Task to carry out
Return the lines below exactly, from the first line to the line that contains "이런 주유 바코드를 발급". Leave out pictures.

The input
-- Opening Marker --

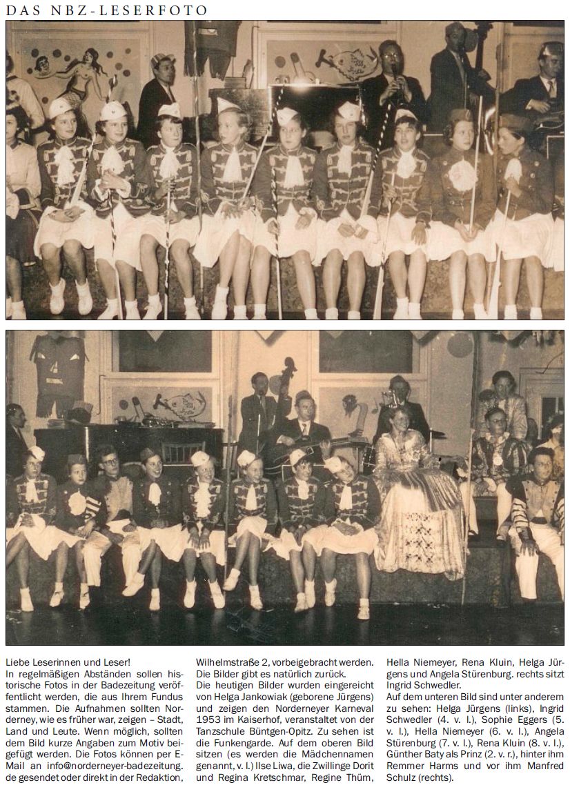 Die heutigen Bilder wurden eingereicht von Helga Jankowiak (geborene Jürgens) und zeigen den Norderneyer Karneval 1953 im Kaiserhof, veranstaltet von der Tanzschule Büntgen-Opitz. Zu sehen ist die Funkengarde. Auf dem oberen Bild sitzen es werden die Mädchennamen genannt, v. l.) Ilse Liwa, die Zwillinge Dorit und Regina Kretschmar, Regine Thüm, Hella Niemeyer, Rena Kluin, Helga Jürgens und Angela Stürenburg. rechts sitzt Ingrid Schwedler. Auf dem unteren Bild sind unter anderem zu sehen: Helga Jürgens (links), Ingrid Schwedler (4. v. l.), Sophie Eggers (5. v. l.), Hella Niemeyer (6. v. l.), Angela Stürenburg (7. v. l.), Rena Kluin (8. v. l.), Günther Barty als Prinz (2. v. r.), hinter ihm Remmer Harms und vor ihm Manfred Schulz (rechts).
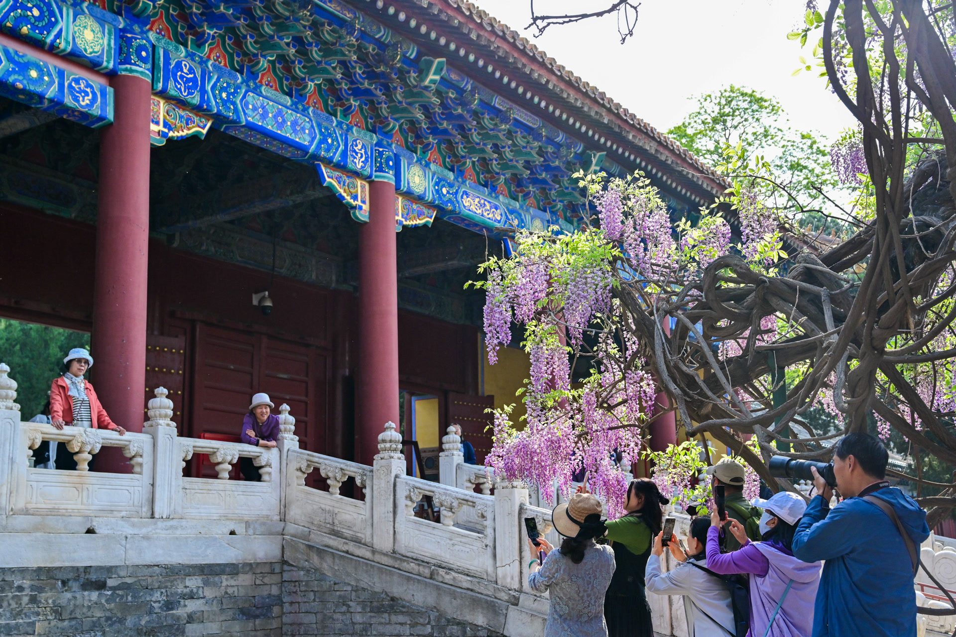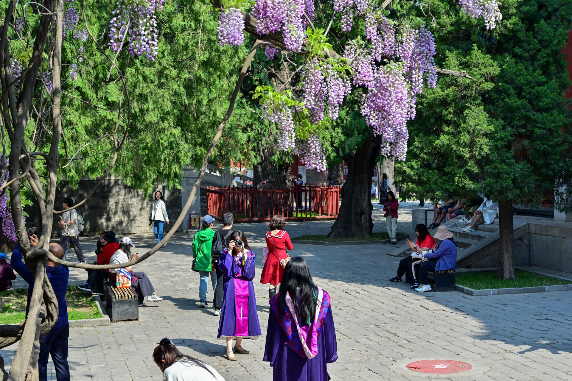 孔庙和国子监始建于元代,合于“左庙右学”的古制,分别作为皇帝祭祀孔子的场所和中央最高学府。两组建筑群都采取沿中轴线而建、左右对称的中国传统建筑方式,组成了一套完整、宏伟、壮丽的古代建筑群。每年紫藤花开,尤其会吸引学生群体打卡拍照。小韩身着学士服在紫藤花下摆造型,同伴举着手机连按快门。她说:“我们6月就要毕业了,特意来这里拍毕业照,有一种被花海和书卷气包围的感觉。随手一拍都是大片,氛围感拉满。”
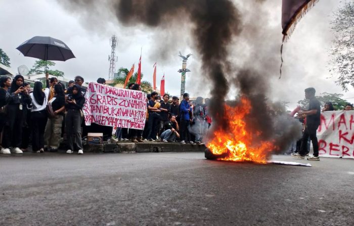 Dalam aksi ini, beberapa mahasiswa tampak membakar poster sebagai bentuk kritik terhadap pemerintahan saat ini.
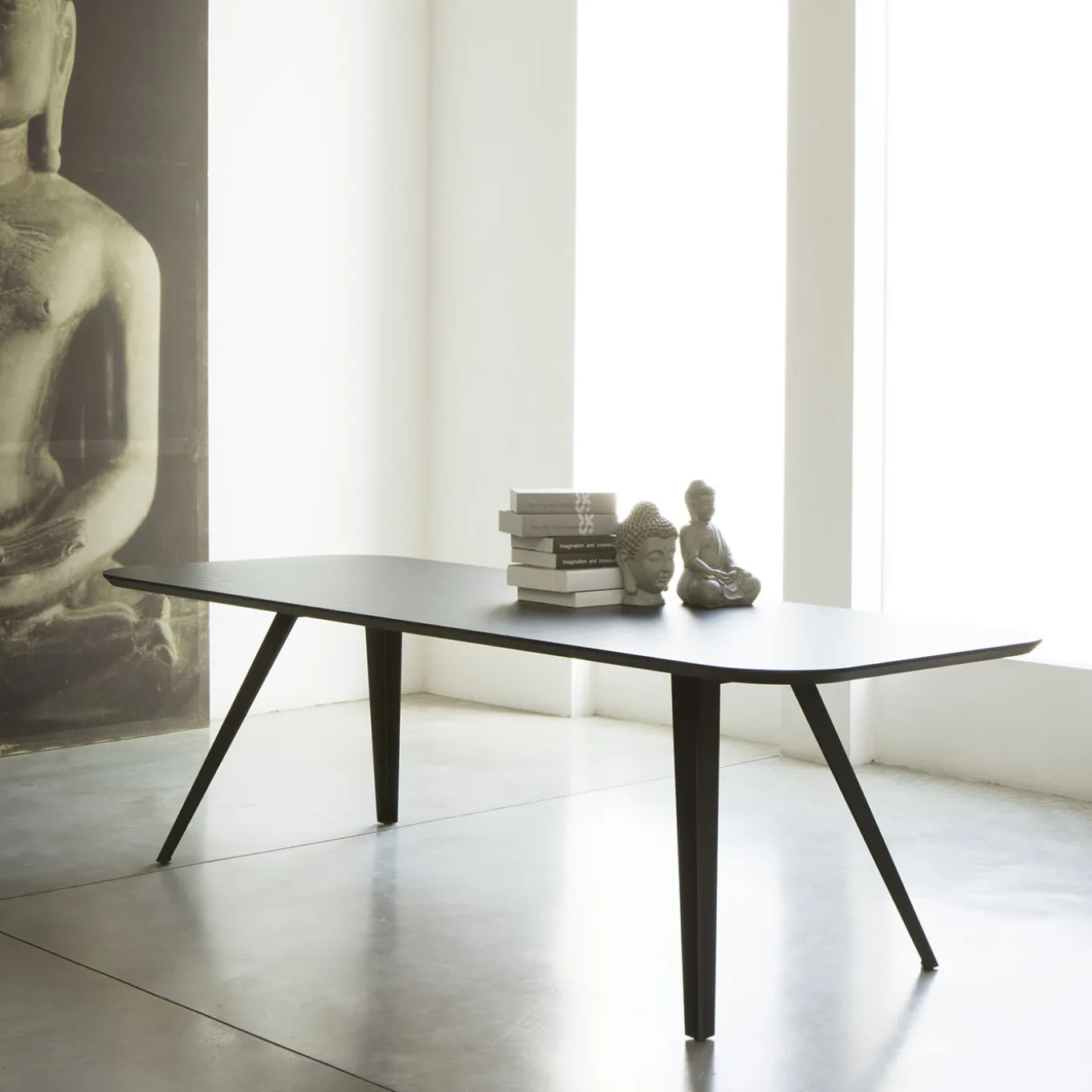 Testimonianza di un design minimalista, questo tavolo da pranzo è caratterizzato da una silhouette unica composta da quattro gambe inclinate in metallo che ricordano le postazioni di lavoro degli artigiani e da un ampio piano in MDF di frassino-venere con finitura nera a poro aperto. Disponibile anche nei toni naturali del frassino, frassino sbiancato o tinto cacao, la collezione Amy Met offre opzioni versatili con piani quadrati, rotondi e rettangolari.
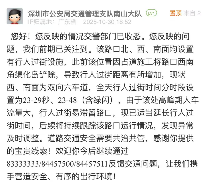 案例点评:南山交管部门在24小时内对市民所反馈的问题进行答复,展现出精准、高效的治理态度,既说明过街时间短的原因,又根据该路口在高峰期人流大的实际情况,适当延长过街时间,体现出“因需调整、务实便民”的理念。回应中,该部门还强调后续将持续跟踪路口通行情况、及时优化调整等,展示了精细化治理的决心和理念。
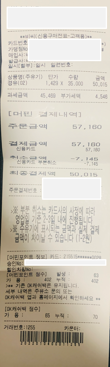 이런 주유 바코드를 발급 했으나,
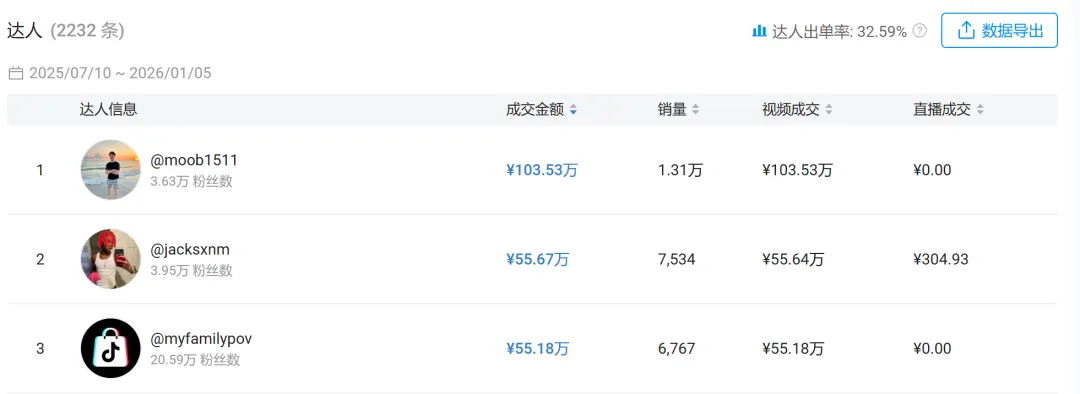 从结果看,这个判断是成立的。过去半年里,这款耳机累计带货视频超过 7000 条,合作达人超过 2200 个,出单率稳定在 30% 以上,直播场次破千,但销量并不是被少数头部达人“顶”出来的,而是靠大量中腰部内容持续铺开。

-- Closing Marker --

The answer
 Die heutigen Bilder wurden eingereicht von Helga Jankowiak (geborene Jürgens) und zeigen den Norderneyer Karneval 1953 im Kaiserhof, veranstaltet von der Tanzschule Büntgen-Opitz. Zu sehen ist die Funkengarde. Auf dem oberen Bild sitzen es werden die Mädchennamen genannt, v. l.) Ilse Liwa, die Zwillinge Dorit und Regina Kretschmar, Regine Thüm, Hella Niemeyer, Rena Kluin, Helga Jürgens und Angela Stürenburg. rechts sitzt Ingrid Schwedler. Auf dem unteren Bild sind unter anderem zu sehen: Helga Jürgens (links), Ingrid Schwedler (4. v. l.), Sophie Eggers (5. v. l.), Hella Niemeyer (6. v. l.), Angela Stürenburg (7. v. l.), Rena Kluin (8. v. l.), Günther Barty als Prinz (2. v. r.), hinter ihm Remmer Harms und vor ihm Manfred Schulz (rechts).
 孔庙和国子监始建于元代,合于“左庙右学”的古制,分别作为皇帝祭祀孔子的场所和中央最高学府。两组建筑群都采取沿中轴线而建、左右对称的中国传统建筑方式,组成了一套完整、宏伟、壮丽的古代建筑群。每年紫藤花开,尤其会吸引学生群体打卡拍照。小韩身着学士服在紫藤花下摆造型,同伴举着手机连按快门。她说:“我们6月就要毕业了,特意来这里拍毕业照,有一种被花海和书卷气包围的感觉。随手一拍都是大片,氛围感拉满。”
 Dalam aksi ini, beberapa mahasiswa tampak membakar poster sebagai bentuk kritik terhadap pemerintahan saat ini.
 Testimonianza di un design minimalista, questo tavolo da pranzo è caratterizzato da una silhouette unica composta da quattro gambe inclinate in metallo che ricordano le postazioni di lavoro degli artigiani e da un ampio piano in MDF di frassino-venere con finitura nera a poro aperto. Disponibile anche nei toni naturali del frassino, frassino sbiancato o tinto cacao, la collezione Amy Met offre opzioni versatili con piani quadrati, rotondi e rettangolari.
 案例点评:南山交管部门在24小时内对市民所反馈的问题进行答复,展现出精准、高效的治理态度,既说明过街时间短的原因,又根据该路口在高峰期人流大的实际情况,适当延长过街时间,体现出“因需调整、务实便民”的理念。回应中,该部门还强调后续将持续跟踪路口通行情况、及时优化调整等,展示了精细化治理的决心和理念。
 이런 주유 바코드를 발급 했으나,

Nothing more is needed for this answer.